WHAT THIS TASK INVOLVES: Starting at the first line of the listing below, repeat each line exactly until the line containing "逗子海岸花火大会の開始時間を", which you include. Leave out pictures.
===== PROVIDED DATA =====
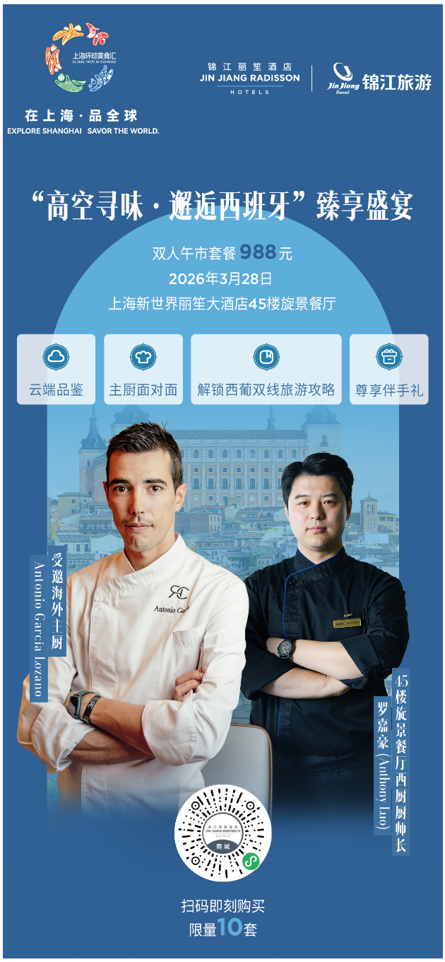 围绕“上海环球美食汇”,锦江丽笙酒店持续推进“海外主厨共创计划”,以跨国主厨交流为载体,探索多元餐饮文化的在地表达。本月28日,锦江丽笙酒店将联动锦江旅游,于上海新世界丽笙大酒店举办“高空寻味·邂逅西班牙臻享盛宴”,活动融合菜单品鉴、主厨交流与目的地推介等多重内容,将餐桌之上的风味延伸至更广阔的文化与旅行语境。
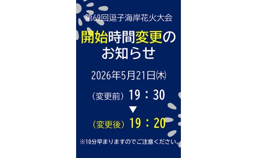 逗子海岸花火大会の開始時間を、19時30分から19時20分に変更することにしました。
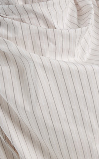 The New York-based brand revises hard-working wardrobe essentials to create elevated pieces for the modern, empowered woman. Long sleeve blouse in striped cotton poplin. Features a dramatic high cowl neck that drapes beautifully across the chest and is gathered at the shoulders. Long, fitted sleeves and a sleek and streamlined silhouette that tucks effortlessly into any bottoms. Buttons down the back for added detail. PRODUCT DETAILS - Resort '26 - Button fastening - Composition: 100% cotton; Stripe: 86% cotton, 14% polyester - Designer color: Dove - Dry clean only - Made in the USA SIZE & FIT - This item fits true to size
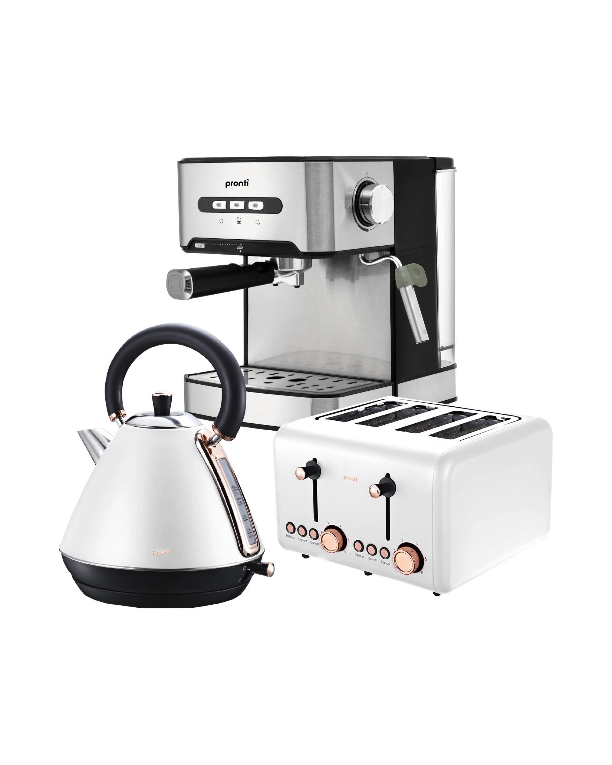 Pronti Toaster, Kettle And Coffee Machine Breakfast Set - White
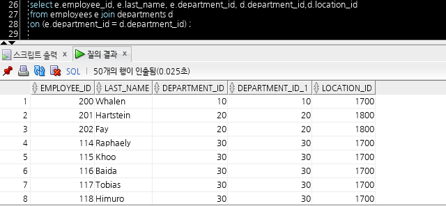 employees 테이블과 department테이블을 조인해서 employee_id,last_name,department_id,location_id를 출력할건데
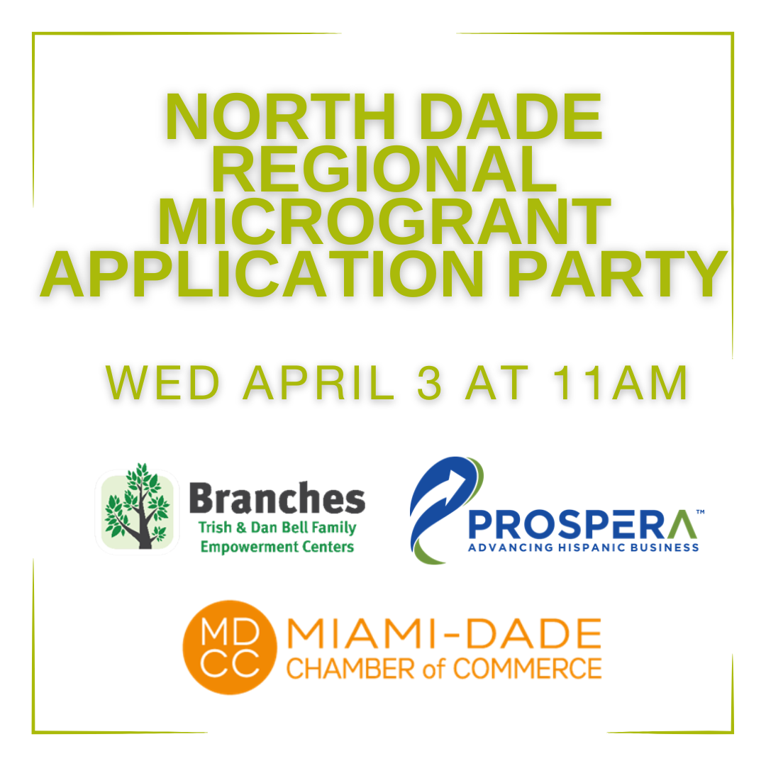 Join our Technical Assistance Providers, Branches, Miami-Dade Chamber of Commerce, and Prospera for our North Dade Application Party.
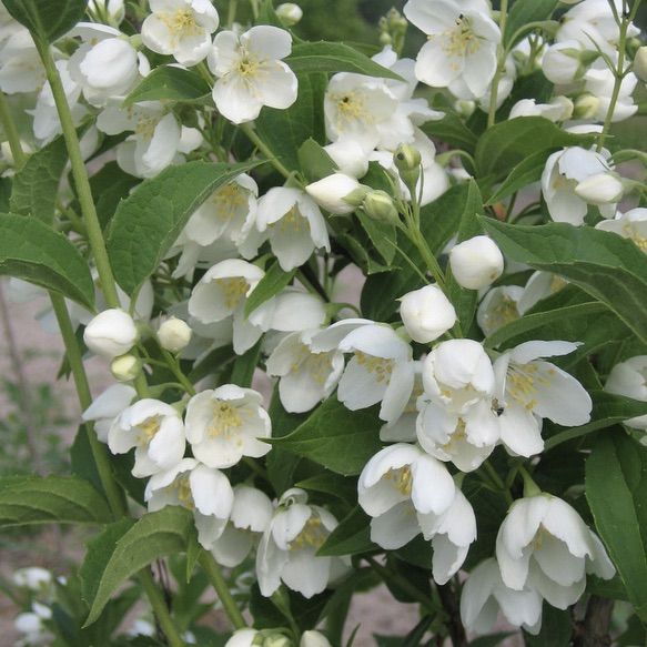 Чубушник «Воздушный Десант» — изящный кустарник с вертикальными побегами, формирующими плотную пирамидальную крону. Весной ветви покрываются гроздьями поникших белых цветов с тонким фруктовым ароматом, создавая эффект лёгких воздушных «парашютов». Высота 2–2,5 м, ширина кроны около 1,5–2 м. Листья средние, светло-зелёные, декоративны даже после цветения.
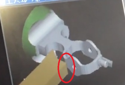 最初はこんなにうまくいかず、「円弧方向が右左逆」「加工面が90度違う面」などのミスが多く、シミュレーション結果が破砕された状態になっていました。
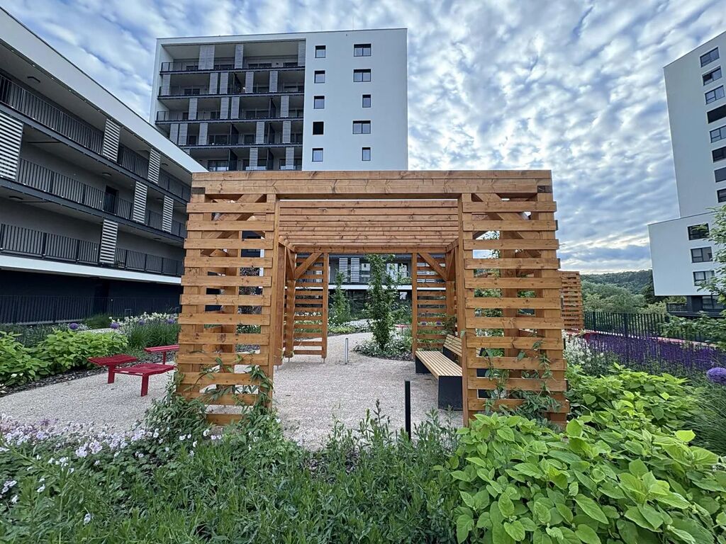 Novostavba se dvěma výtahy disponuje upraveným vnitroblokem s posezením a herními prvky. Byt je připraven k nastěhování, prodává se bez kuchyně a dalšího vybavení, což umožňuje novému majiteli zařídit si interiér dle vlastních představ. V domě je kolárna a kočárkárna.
=====
SOLUTION TO THE EXERCISE:
 围绕“上海环球美食汇”,锦江丽笙酒店持续推进“海外主厨共创计划”,以跨国主厨交流为载体,探索多元餐饮文化的在地表达。本月28日,锦江丽笙酒店将联动锦江旅游,于上海新世界丽笙大酒店举办“高空寻味·邂逅西班牙臻享盛宴”,活动融合菜单品鉴、主厨交流与目的地推介等多重内容,将餐桌之上的风味延伸至更广阔的文化与旅行语境。
 逗子海岸花火大会の開始時間を、19時30分から19時20分に変更することにしました。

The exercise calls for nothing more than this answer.